What needs to be done> Everything in the listing except the pictures should be written out exactly.

Provided data>

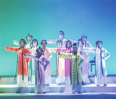 当代戏曲演员用话剧形式表现剧中的戏曲演员,同样是十几岁如花一般的年龄,同样是戏曲科班生活,让她们能够穿越古今彼此共情。结合演员自身掌握的戏曲技巧,剧中梨香院学戏的情节中自然展现了戏曲的毯子功和把子功,包括矮子步和枪花、团扇、云帚、昆曲演唱等戏曲功法,传统艺术的魅力让青年演员身上增添了高光,成功“破圈”,吸引新观众关注戏曲的传承与发展。
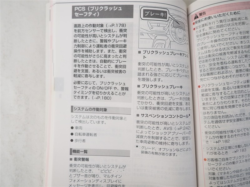 - 予防安全装置の各機能の作動には、速度や対象物等の条件があります。また、道路状況、車両状態、天候等により作動しない場合があります。
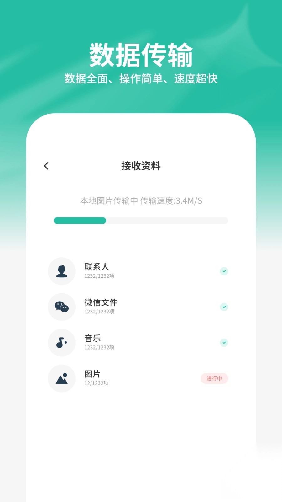 支持所有常用数据类型的迁移工作,开展数据迁移时,不必对每个文件、每个应用分别执行备份和转移操作,系统会自动识别并将相关数据打包处理。

Completed exercise>
 当代戏曲演员用话剧形式表现剧中的戏曲演员,同样是十几岁如花一般的年龄,同样是戏曲科班生活,让她们能够穿越古今彼此共情。结合演员自身掌握的戏曲技巧,剧中梨香院学戏的情节中自然展现了戏曲的毯子功和把子功,包括矮子步和枪花、团扇、云帚、昆曲演唱等戏曲功法,传统艺术的魅力让青年演员身上增添了高光,成功“破圈”,吸引新观众关注戏曲的传承与发展。
 - 予防安全装置の各機能の作動には、速度や対象物等の条件があります。また、道路状況、車両状態、天候等により作動しない場合があります。
 支持所有常用数据类型的迁移工作,开展数据迁移时,不必对每个文件、每个应用分别执行备份和转移操作,系统会自动识别并将相关数据打包处理。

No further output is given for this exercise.